Threat Modeling

Lesson Content

Activity

Break learners up into groups of even-numbered people—one has a particular asset to protect, the other are adversaries trying to get to that asset. Give them a specific scenario and have them spend 15 minutes discussing how they would protect the asset or attack the asset, then have them report back.

The best scenarios are the ones that are specific to your audience. Some examples include:

• For a group of journalists, the asset could be a story from an anonymous source. How would you protect the anonymity of your source? Or, if the story were then published and you were unhappy about it, how would you try to unmask the anonymous source.
• For a group of activists in an urban U.S. setting, the asset could be communications among a group or collective. What precautions would you take to make sure that the messages you send to each other stay among you? Or, if you were a [law enforcement, university, etc] official, how would you try to find out what subject members of the group were talking about?
• For students concerned about online bullying, the asset could be social media identity and information. How would you make sure that what you share online goes only to the people you intend? Or, if you were a bully, how would you try to find that information?

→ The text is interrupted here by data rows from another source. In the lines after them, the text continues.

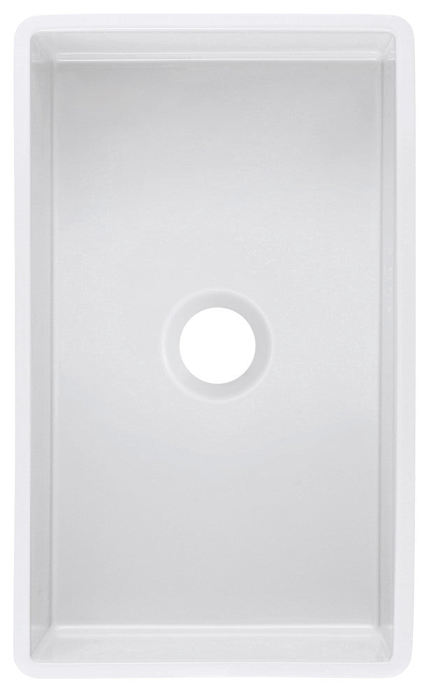 The Olde London Farmhouse Sink is a stylish and practical addition to any kitchen. The bright white color is easy to incorporate into your current decor theme. The deep basin allows you to easily wash large pots and pans, while the three-sided bevelled frame adds a touch of sophistication.Smooth apron on opposite sideStandard 3-1/2" drain opening (centered) Grid included Bowl depth (inside height): 9"Inside width: 31" Inside length: 16"Disposal/ strainer with extended flange is recommended
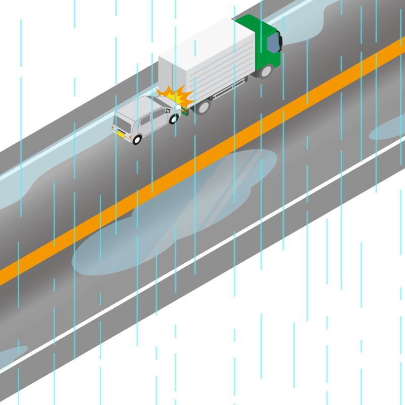・イラストに使用している各要素(車、背景、車、天候、信号、衝突地点など)は、代表的なイメージをイラスト化しており、色や形状等含め現実の事故の状況とは異なります。あくまで、事故のイメージとして参考までにご活用ください。
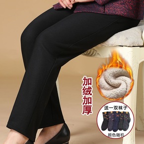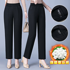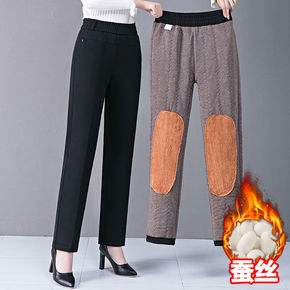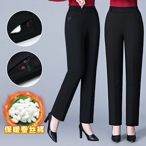 桑蚕丝棉裤女冬季外穿加绒加厚高腰保暖裤中老年直筒休...
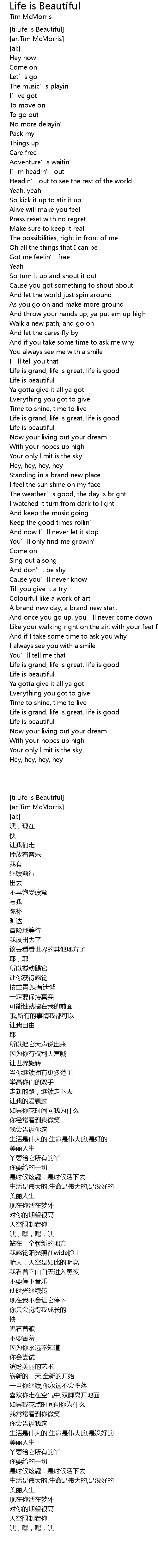 | [00:59.99] | Life is grand, life is great, life is good |
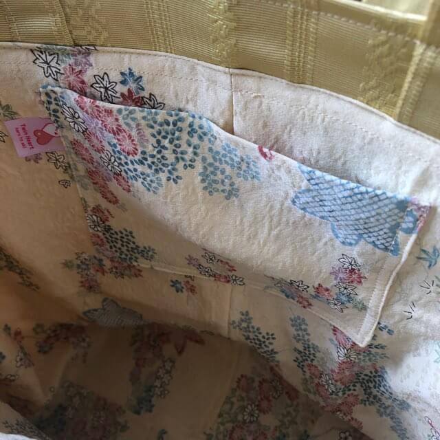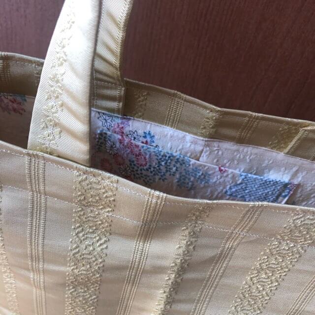 いたみが激しくて使えなくなった帯をリメイクしてバッグが完成しました。
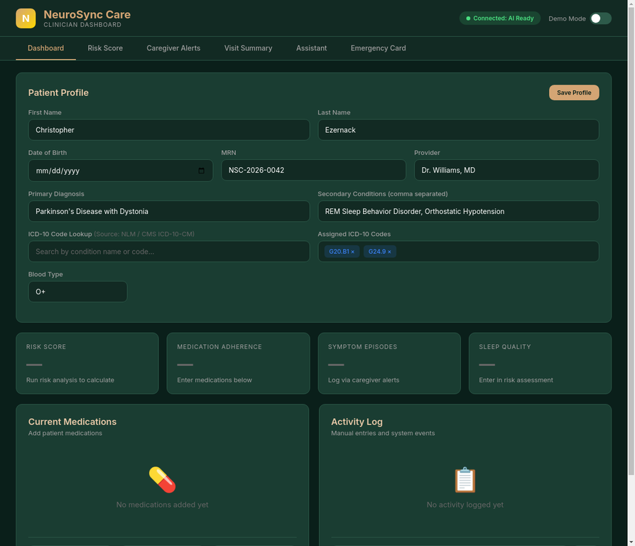 NeuroSync Care bridges patient-reported neurological complexity with structured clinical and billing workflows.
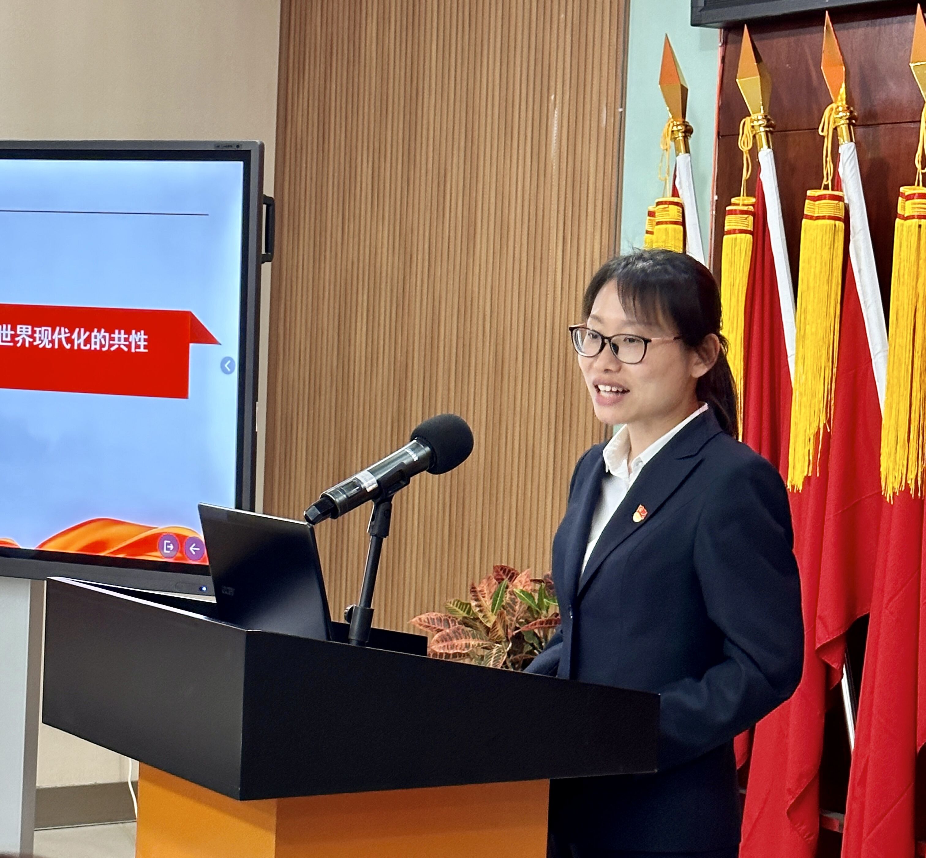 會上,星系列樓宇黨委組織委員邱沙以“深刻領悟新時代新征程黨的中心任務”為切入點對黨的二十大精神進行宣講,詳細闡述了準確把握全面建設社會主義現代化國家和全面建成社會主義現代化強國的統一關系、準確把握中國式現代化與世界現代化的共性和個性的統一關系、準確把握中國式現代化和中國共產黨領導中國特色社會主義的統一關系的深刻內涵和意義。
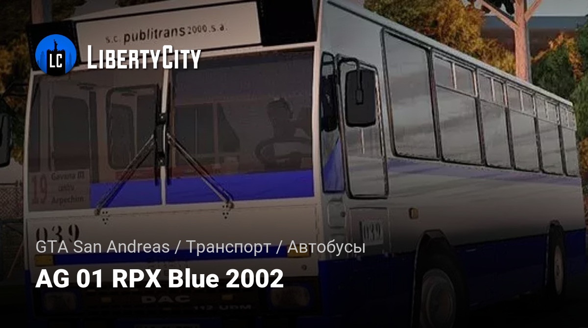 AG 01 RPX Blue 2002 is a city bus with a distinctive blue color scheme, released in 2002. It is designed for transporting passengers on urban routes and features a classic body design.
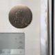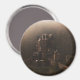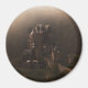 Imã fotográfico redondo com o castelo medieval Burg Eltz, construído sobre uma colina rodeada por florestas com árvores em cores de outono no nevoeiro matinal no nascer do sol, criando uma imagem assustadora perto do rio Mosel, na Alemanha.
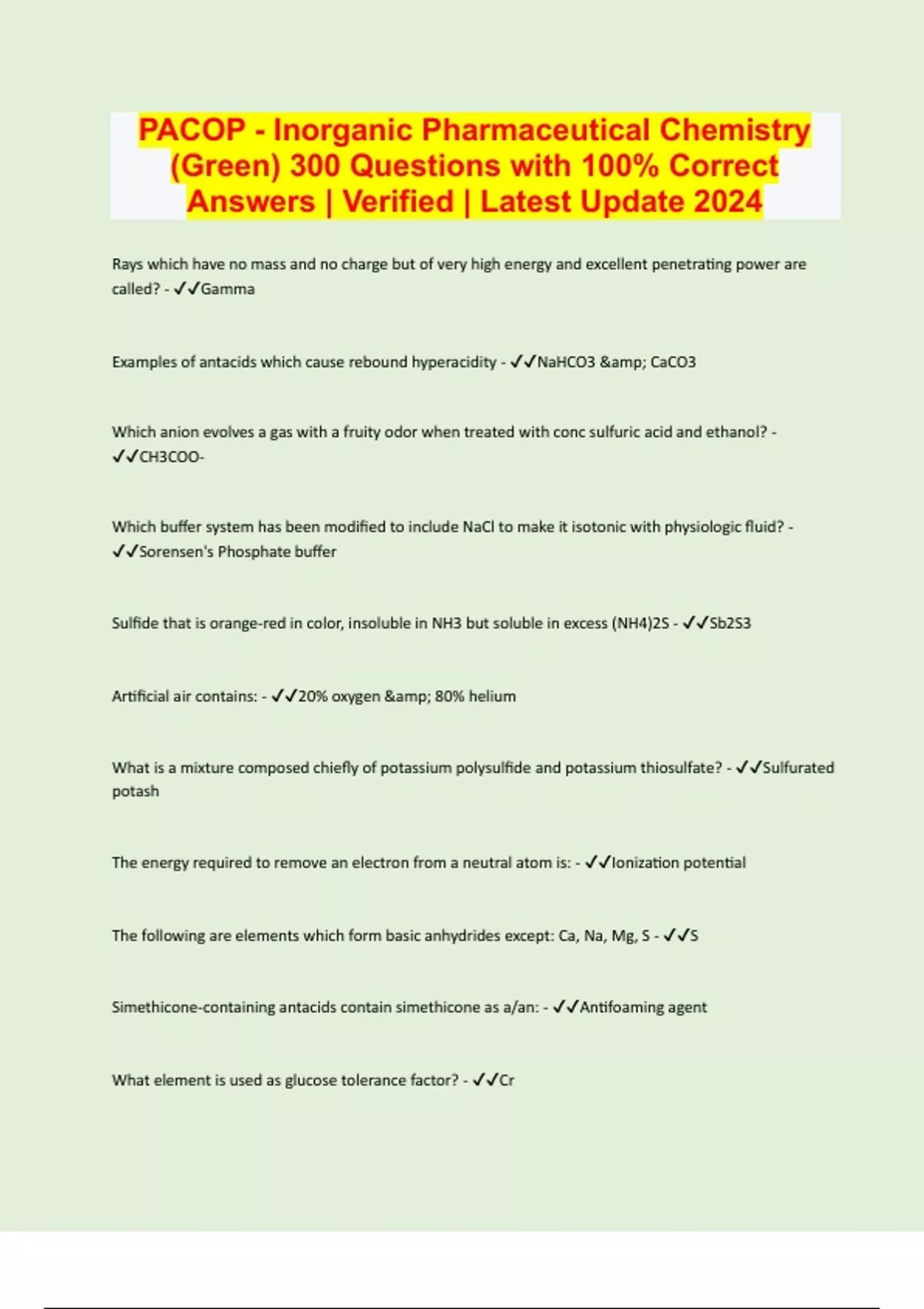 PACOP - Inorganic Pharmaceutical Chemistry (Green) 300 Questions with 100% Correct Answers | Verified | Latest Update 2024
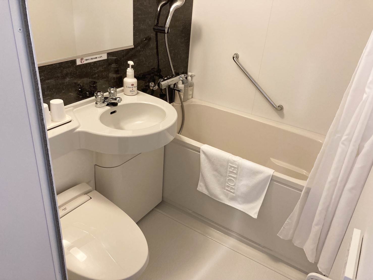 ▲バスルームはユニットバスタイプ。一般的なビジネスホテルらしいサイズ感で、ちょい狭めです。
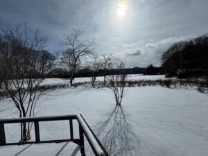 山道を意識することもなく辿り着いたヴィラで、冬の早朝、条件が揃うと空気が凍りつき、きらきらと揺らめく瞬間に立ち会うことができる。
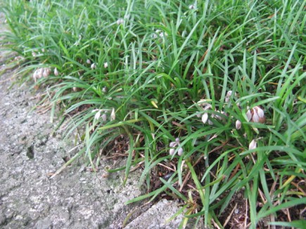 リュウノヒゲ・・・葉の短いチャボリュウノヒゲ(玉竜)、葉の黒い(黒竜)の種類がある。

Scenarios can also be silly! Some include:

• One group is the Joker, and one is Batman.
• One group is a jewelry store owner, and the other is an international jewel thief.

If you have more than an hour:

This threat modeling module segues nicely into specific modules about tools that address participants’ concerns. Based on the concerns participants have voiced before and during the threat modeling session, you might teach, for example, passwords and password managers, phishing protections, social media security, anonymous browsing and Tor, etc.